A SnO/MXene hybrid nanocomposite as a negative electrode material for asymmetric supercapacitors

In this report, we synthesised a SnO 2 /Ti 3 C 2 T x composite through a single-step hydrothermal route with varying quantities of Ti 3 C 2 T x (from 50 mg to 100 mg). The formation of a hybrid increases the interlayer spacing of Ti 3 C 2 T x , and this increment in the interlayer spacing supports the charge transport in the electroactive material. Thus, the resultant composite with 80 mg of Ti 3 C 2 T x (SnO 2 /Ti 3 C 2 T x -80) displays a specific capacitance of 620 F g −1 at 2 A g −1 current density. Density Functional Theory (DFT) calculations have been performed to comprehend the structural and electronic properties of SnO 2 and hybrid SnO 2 /Ti 3 C 2 T x systems. The formation of a hybrid structure has significantly increased the conductivity of the SnO 2 system due to the charge transfer from Ti 3 C 2 T x to SnO 2 . The quantum capacitance is higher in the hybrid system than in the pristine SnO 2 system. This validates and supports our experimental results that the hybrid system has enhanced charge storage performance.
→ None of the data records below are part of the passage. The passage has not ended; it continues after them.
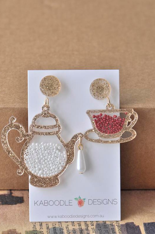 Acrylic Perspex Laser Cut Tea Pot and Tea Cup Drop Earrings - Gold
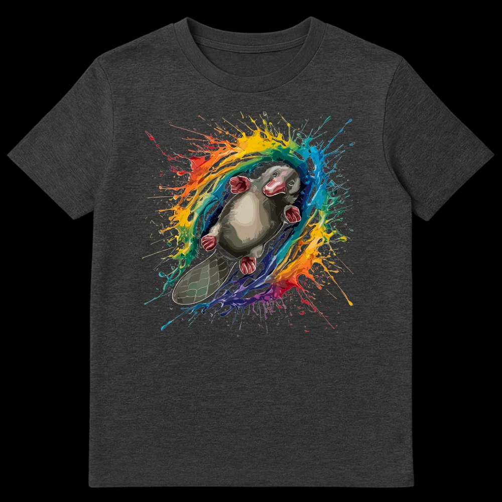 Dive into vibrant style with our eye-catching platypus t-shirt. This unique design features a whimsical platypus surrounded by an explosion of dynamic rainbow paint splashes, making it a standout piece for any animal lover. Celebrate the quirky charm of nature with this expressive, colorful artwork. It’s the perfect gift for zoology enthusiasts, nature lovers, or anyone who appreciates distinctive animal-themed apparel.
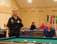 Затем состоялись состязания по «восьмёрке». И здесь героем соревнований оказался Артём Кошевой. В минувшем году он уже побывал на первенстве Европы в Харкани, и тогда ему пришлось довольствоваться серебряной медалью по «девятке». Теперь он, наконец, осуществил свою давнишнюю мечту и завоевал чемпионский титул. В финале ему довелось встретиться со шведом Понтусом Лагерквистом. Поединок получился напряжённым, оба спортсмена волновались и делали ошибки. Сначала две партии взял швед, и это было серьёзной заявкой на победу. Однако он не смог удержать своё преимущество. Артёму же, напротив, удалось собраться и вырваться вперёд. Поединок завершился со счётом 5:3 в пользу Кошевого. Очень хорошо показал себя Евгений Талов. Он тоже уверенно шёл к золоту, но… Пути соревнований неисповедимы, и в полуфинале ему довелось сразиться ни с кем иным как с Артёмом Кошевым! До этого ребята уже играли друг с другом в предварительном круге, и Талов сумел одержать верх 5:3. В 1/2 финала он уступил Кошевому со счётом 2:5, но это не помешало ему принести в копилку украинской сборной бронзовую награду.
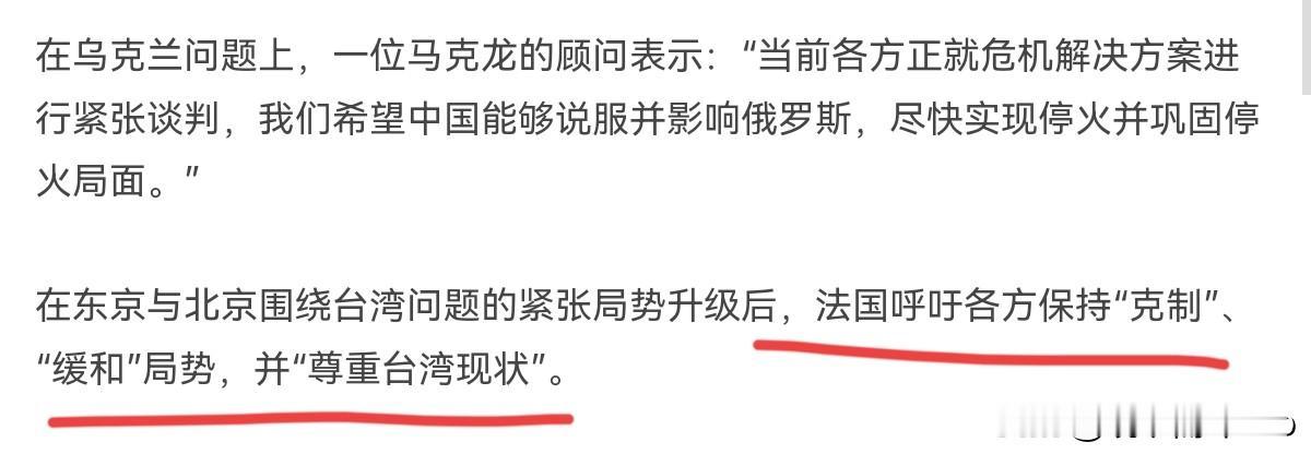 法国出来表态了!法国的口风也很硬!在中日纠纷持续之际,法国并没有支持我们的主张,更没有表态支持我们统一!11月27日,根据法新社报道,在马克龙即将访华之际,法国政府出来表态了。法国方面声称,围绕台湾问题的紧张局势升级后,法国呼吁各方保持克制、缓和局势,并尊重台湾现状。 很显然,从法国方面的表态来看,法国的立场就是和稀泥的立场,法国并没有对挑事的日本有任何的批评,也没有支持中国要求高市早苗撤回恶劣言论,更没有提及支持我们实现国家统一,而是要我们尊重所谓的台湾现状。但是,从我们的角度而言,所谓的尊重台湾的现状,是不是要我们永久不统一呢?如果是这个意思,这我们当然不能同意。 法国要求各方克制,难道法国不认为高市早苗的挑衅有严重问题吗?作为二战战败国,日本对战胜国进行军事挑衅,这不是破坏二战后的国际秩序吗?法国跟我们一样,同为二战战胜国,且都是联合国常任理事国,不应该担负维护二战国际秩序的责任吗?法国这一番表态,当然是不愿意得罪日本,更为深层次的原因可能是法国并不希望我们的统一发生。法国有自己的小算盘,但我们必然会实现国家统一,法国也会见证我们实现国家统一。
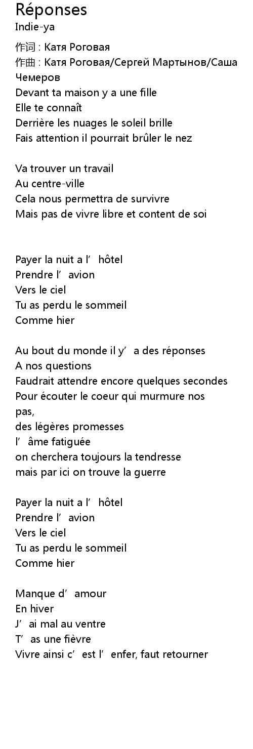 | Au bout du monde il y' a des re ponses | |
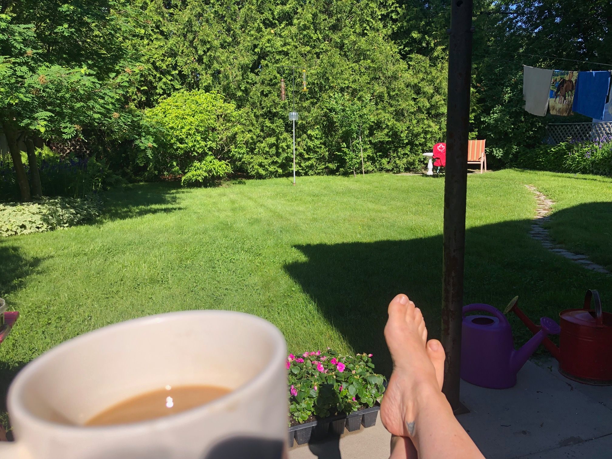 • Private backyard oasis with immaculate grass and perennial flower beds.
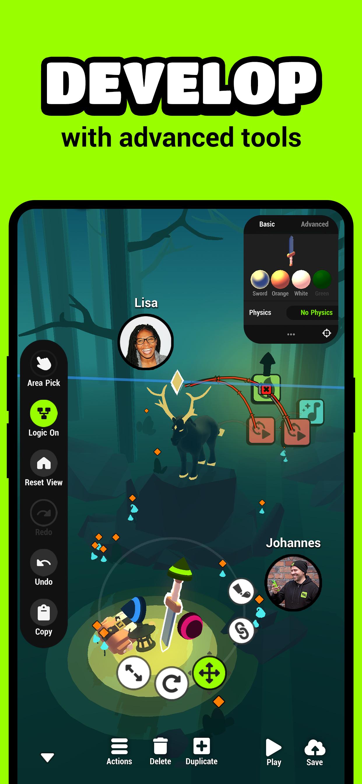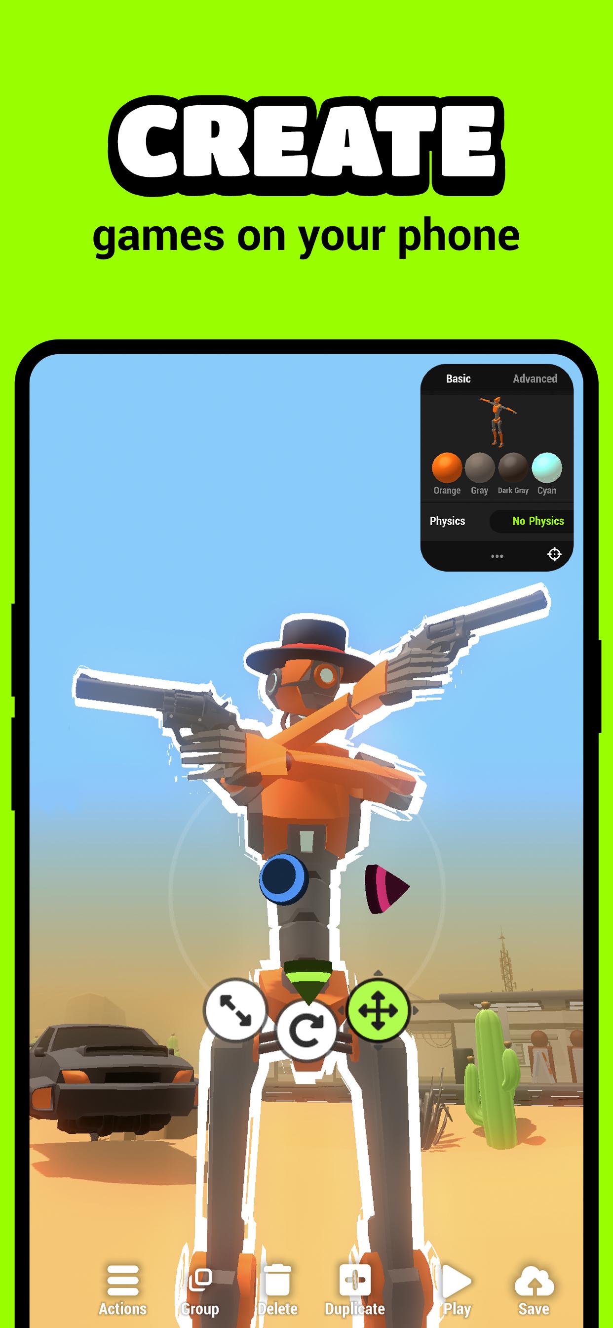 ● CREATE GAMES on a visual no-code editor on your phone or tablet

For practical realisation, an asymmetric supercapacitor (ASC) device is fabricated using SnO 2 /Ti 3 C 2 T x -80 as a negative electroactive material and cobalt phosphate as a positive electroactive material. The fabricated device delivers a specific capacitance of 100 F g −1 at 3 A g −1 current density. The ASC shows an energy density of 32 W h kg −1 with a power density of 5118.5 W kg −1 . The device retains 93% of its initial capacitance even after 15 000 GCD cycles at 4.5 A g −1 with a coulombic efficiency of 98%. A tin oxide/MXene hybrid (SnO 2 /Ti 3 C 2 T x -80) was synthesized by a single step hydrothermal route and used as a negative electrode towards the fabrication of an asymmetric supercapacitor.